Ted Hughes’ “The Jaguar” is a tribute to the majesty of the animal. The eminence of the jaguar is contrasted against the insignificance of other animals. The apes yawn at their humdrum existence. Their only point of adoration is aimed at the fleas that surround them. The parrots have to screech to invite attention to themselves, as though one gets the impression that they are on fire. These shrieks are particularly aimed at the stroller with nuts. The tiger and lion appear lethargic and overcome with lassitude. Through the mechanical routine of the animals’ life, the poet seems to make a statement on the current mechanized human condition where people relegate the true meaning of life to basic biological functions.
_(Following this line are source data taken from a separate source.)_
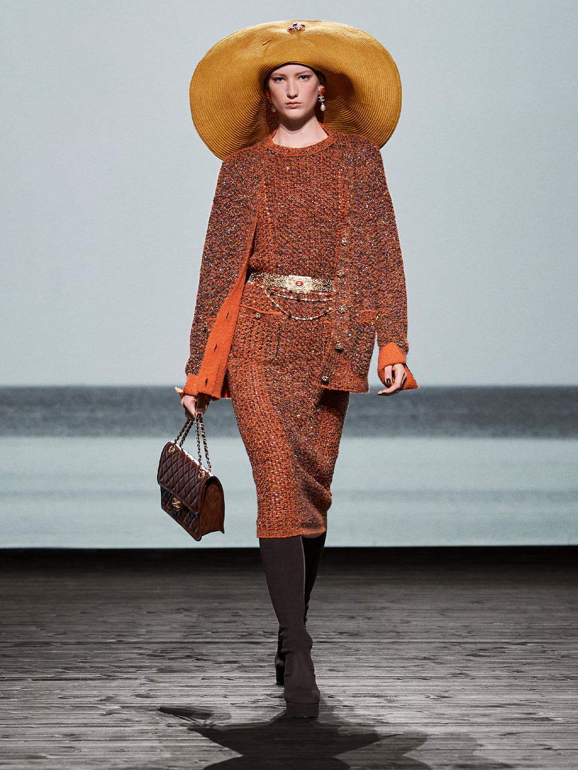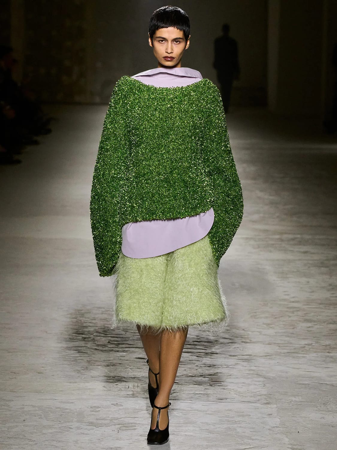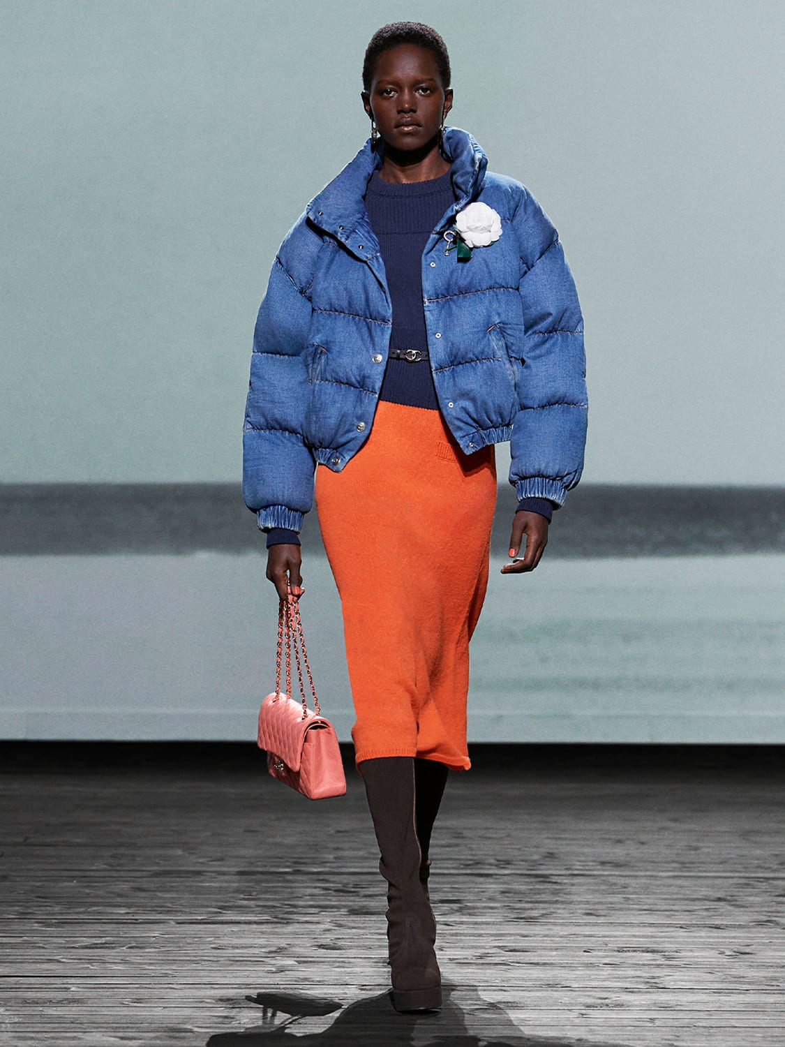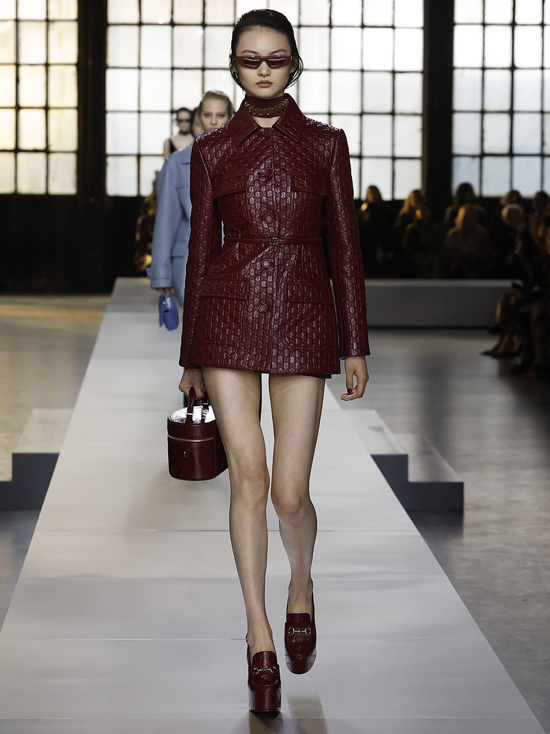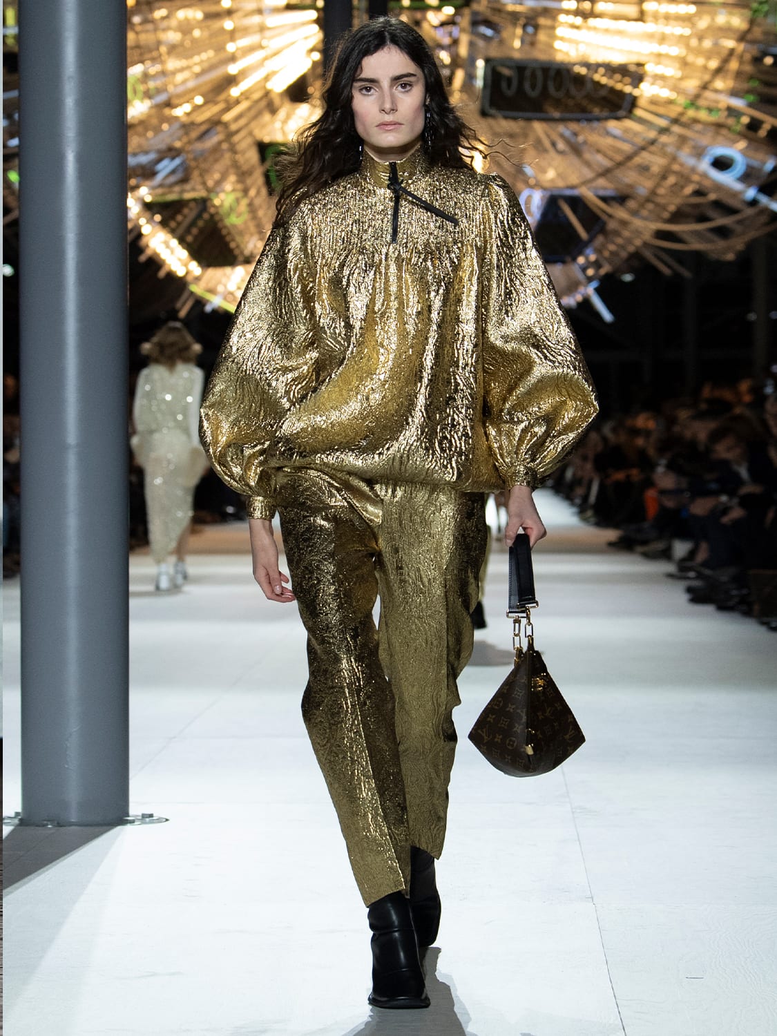 Unexpected texture is key to elevating even the most common of wardrobe staples, with designers showing bold contrasting fabrics like corduroy, boucle, knits and leathers to provide interest to quite standard jackets or skirts. Unusual materials add depth and surprise to any item, making them perfect for updating what you already have as a staple. Think how an elaborately beaded blazer paired can immediately render stylish a plain pencil skirt; or as Nicolas Ghesquiere showed for Louis Vuitton, gold boucle suddenly makes a tracksuit an evening out statement – in luxe comfort. Unusual textures not only enhances visual appeal but also provides a certain weight to signal a change in season, from every day to festive.
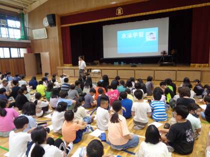 低水位期間が終わり、明日から水泳学習が本格的に始まります。今日は5・6年生に授業の進め方について話しました。さすがは高学年。しっかり聞いてくれました。
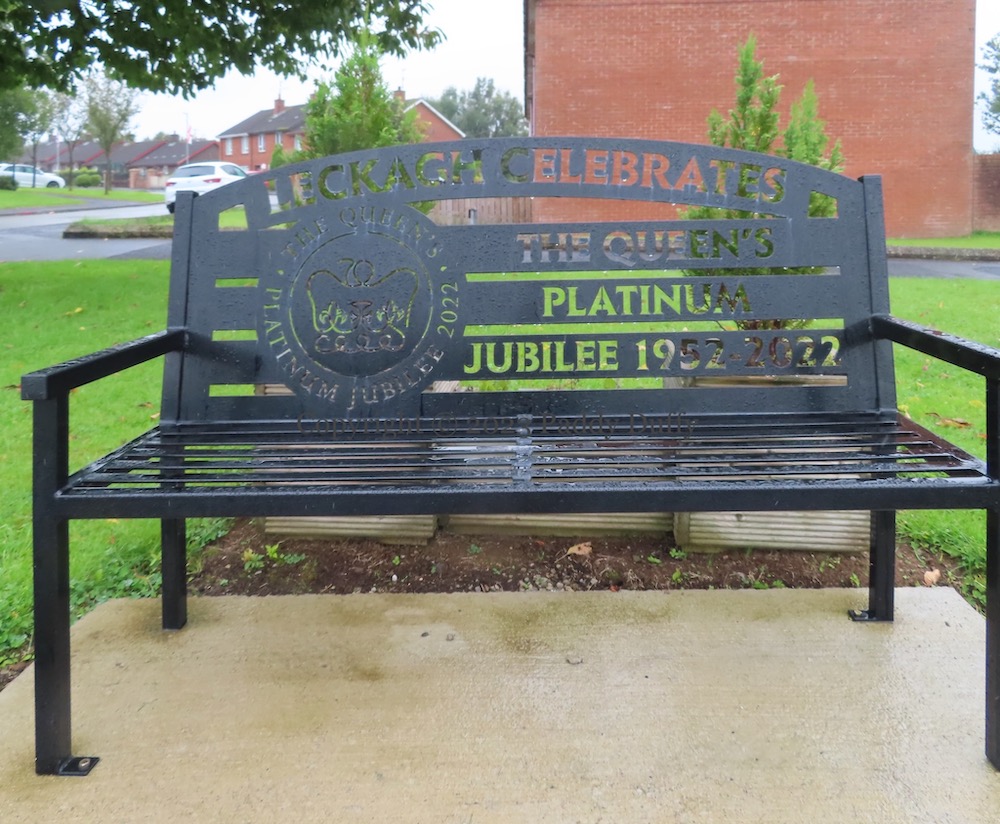 The tribute to the new UK monarch King Charles III at the northeastern corner of Tiger’s Bay has been completed, with Ulster Banner and Union Flag on either side of a circular board showing a crown with the flowers of the “four nations” – thistle, shamrock, daffodil, and rose – both inside (in blue) and out (in red).
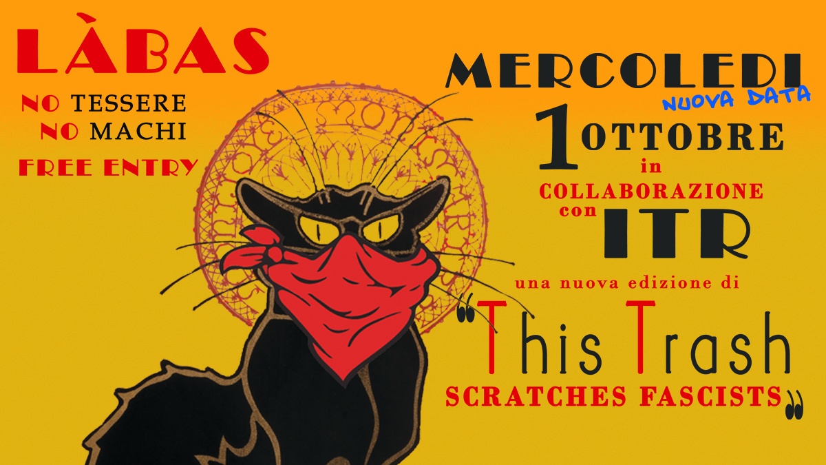 Làbas è uno spazio antifascista, antisessista e antirazzista. Se non ti rispecchi in questi valori ti consigliamo di restare a casa a studiare. No tessere. Free entry.
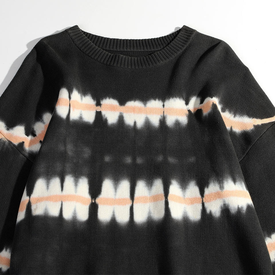 สเวตเตอร์แบบสวมหัวของผู้ชายเสื้อถักแบบสวมหัวคอกลมแขนยาวผ้าคอตตอนถักเสื้อสเวตเตอร์ออกแบบลายมัดย้อมโลโก้ได้ตามต้องการ
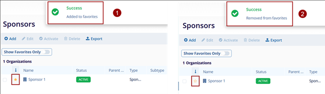 - Click the Star symbol next to the sponsor's name to add a favorite to the sponsor.
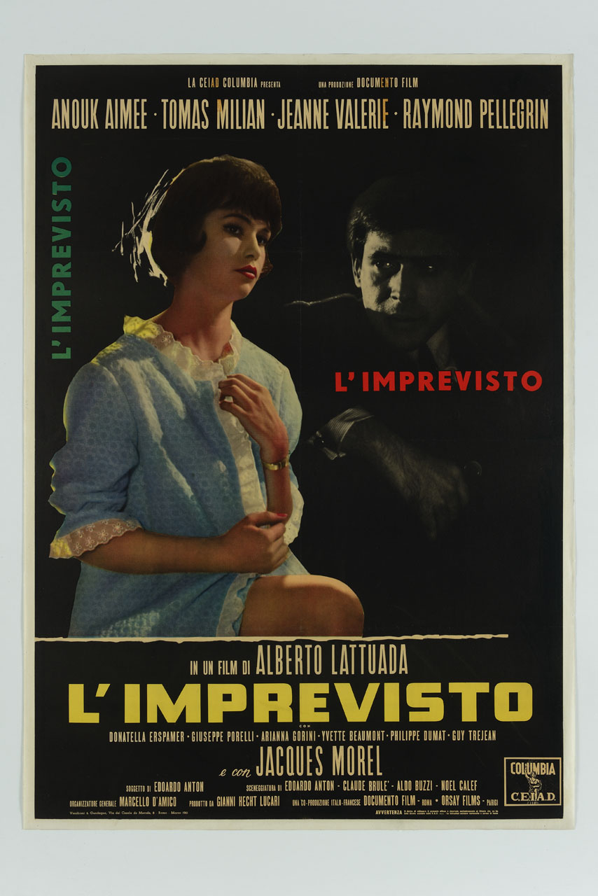 Lettura iconografica: ritratti; attori; buio. Categoria merceologica/ tipo evento: cinema italiano. Nomi: CEIAD Columbia; Compagnia Edizioni Internazionali Artistiche Distribuzione; Documento Film; Amouk Aimée; Tomas Milian; Jeanne Valerie; Raymond Pellegrin; Alberto Lattuada; L'imprevisto; Donatella Erspamer; Giuseppe Porelli; Arianna Corini; Yvette Beaumont; Philippe Dumat; Guy Trejean; Jacques Morel; Edoardo Anton; Claude Brulé; Aldo Buzzi; Noel Calef; Marcello D'Amico; Gianni Hecht Lucari; Orsay Films. Luoghi: Roma; Parigi

The Boa constrictor (Boa constrictor) is a large, heavy-bodied species of snake. Its color pattern is highly variable yet distinctive. It is one of its kind. Yet, its static nature gives the impression of it being a fossil, an archeological remnant. It appears as though it has no utility value. The animals though supposed to be a source of amusement in the zoo, fail to make their presence felt. Cage after cage appears to be empty as all the animals lie in indolence. The only evidence of their being alive seems to be the stink emanating from the cages. The picture of the animals in sluggishness appear as static as a painting on a nursery wall.
People, however, do not hold any fascination for these sort of animals. They just rush past these animals like the rest. The cage that holds the onlookers spell-bound is the cage of the Jaguar. The jaguar holds the crowd mesmerized as a child in a trance. The atmosphere in the cell seems to pale into darkness as compared to the fierce-gleam in the jaguar’s eye.
This temporary darkening of his cell is not owing to boredom on part of the onlooker. People prefer to be blinded by the splendor of this fire. The wildness in the tiger’s blood is ‘bang on’ to the human brain. The grandiose roar falls on deaf ears. As he traverses distances within the cage, there are no bars for him, for nothing can imprison his magnificent spirit. The jaguar is beyond cages and taming. It is just as the imprisoning of a visionary cannot incarcerate his profound thoughts, or freedom of expression. His instinctive attitude and wildness of spirit is implicit in each stride of his. The world is encompassed in the stride of his paw as he enamors humanity with his innate elegance. He does not have to look outside the cage to look beyond the horizon. Rather, the cage floor traces horizons over it, owing to the immense presence of the jaguar.